By Geoff Giordano
While news appears almost daily to highlight the latest novel item that might be capable of being produced with 3D printing, getting a handle on the value of opportunities in industrial additive manufacturing markets can be difficult. But a compelling picture is forming thanks to recent data.
By 2025, 3D printing could be worth $550 billion a year, according to a projection by the McKinsey Global Institute as related by John Dexheimer, president of LightWave Advisors. While the consensus is that additive manufacturing can’t replace subtractive processes, the medical, automotive, aviation and power generation industries are pushing additive manufacturing to its limits to produce patient-specific implants and high-value components in aircraft, cars and gas turbines.

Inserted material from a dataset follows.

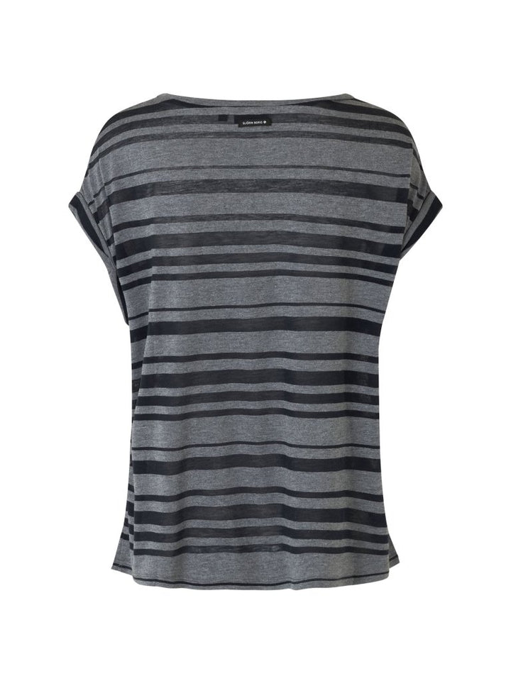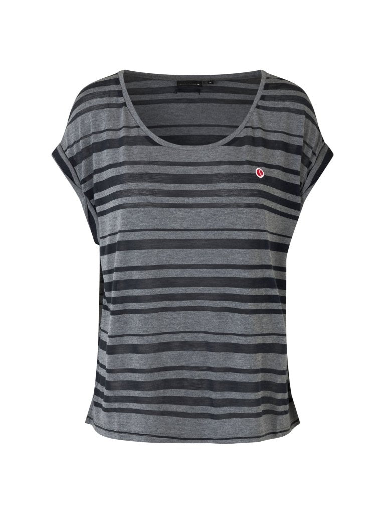 Grå/Blå stribet Björn Borg dame T-shirt med lille logo på bryst. Perfekt til al slags brug. Stor hals, opsmøg på ærmer.

For the laser community, there is tremendous room to grow. For example, Dexheimer points to the 40.5 percent annual growth in the metal materials segment predicted from 2014 to 2020 by Metalworking World Magazine. Applying 30 percent to 40 percent growth to the 2014 sales of EOS and Concept Laser suggests they could sell between 1,930 and 3,200 systems combined in 2020. Assuming two to four lasers in the average system, that translates to somewhere between 6,000 and 12,000 lasers consumed just by those two companies. “And competitors will consume more,” Dexheimer noted.
At present, lasers likely figure in much less than half of the additive manufacturing units in use, according to analyst Terry Wohlers, when considering all the fused deposition modeling machines on the market.
The robust growth of fiber lasers has helped fuel additive fervor and productivity, Dexheimer notes. In a third-quarter 2013 investor conference call by IPG, he relates, the giant laser manufacturer noted that “if before 3D printing manufacturers used 100 W lasers, during last quarter we already shipped many lasers with power up to 10 kW for manufacturing of large metal parts.” Furthermore, “we have developed and started to ship in volume powder-cladding systems for turbine blade repair,” IPG said. “The customer is one of the Tier One industry leaders in the world.”
In terms of additive materials, metal and alloys are expected to be the fastest-growing segment. One projection suggests powder metal sales for AM could reach $520 million in 2019, growing to $930 million in 2023. That would be up from $25 million in 2012. The implication, Dexheimer concludes, is $3 billion to $5 billion worth of end parts in 2019. “Metals appear to be a much bigger strategic market opportunity than many have projected,” he says.
Current additive output from major players like BMW and Boeing help make the case for huge growth opportunities in powder-bed or powder-fed production of metal parts. At BMW, more than 100,000 parts a year are being made additively, according to Wolfgang Thiele, who spoke at the seventh Laser Additive Manufacturing (LAM®) Workshop; more than 95 percent of those are polymer-based interior and functional parts, he said.
In the aviation world, Boeing has tens of thousands of polymer parts flying, said Wohlers at the 2014 Lasers for Manufacturing Summit, while Airbus claims it will be using hundreds of AM machines to produce parts — many of metal — within five years.
Makers of metal powders understand the cost considerations influencing adoption of additive processes — particularly as fluctuating raw material costs affect powder prices.
“We’re involved in mostly the nickel and stainless materials” says Cindy Freeby, new business development manager for Ametek. “We also make titanium powder, and there’s quite a bit of interest in that. We’re not certified to sell into aerospace because you have to have certain certification, (but we sell into) oil and gas, agriculture (and) automotive.”
Ametek is working on more gas-atomized powders as customers add them to their repertoire. “Years ago we had made a little bit of gas-atomized powder, but we’re fully into the venture now.”
In terms of cost considerations, “most everybody knows titanium is quite expensive,” Freeby says. “It all depends on the alloy and the screen cuts. Usually, medical-grade titanium powders are more expensive because they have to meet certain specifications — and purity is of the utmost importance. It’s a bit prohibitive in some marketplaces to consider titanium — for example, in automotive. I think they would like to use titanium because of the light weight, but how do they justify the cost depending on the component?”
While experts understand additive manufacturing will not replace subtractive methods, recent heated merger and acquisition activity demonstrates increasing awareness of how transformative additive manufacturing could be in terms of saving material and tooling costs.
Exploit opportunities by having a vision and being bold, Dexheimer advises. “Can you find a pocket to create hyper-growth and sustained, long-term 20 percent to 30 percent operating income?” he asks. Go beyond being just another supplier — “that’s not the big part of the value-creation chain. Focus on contributing to transforming customer economics.”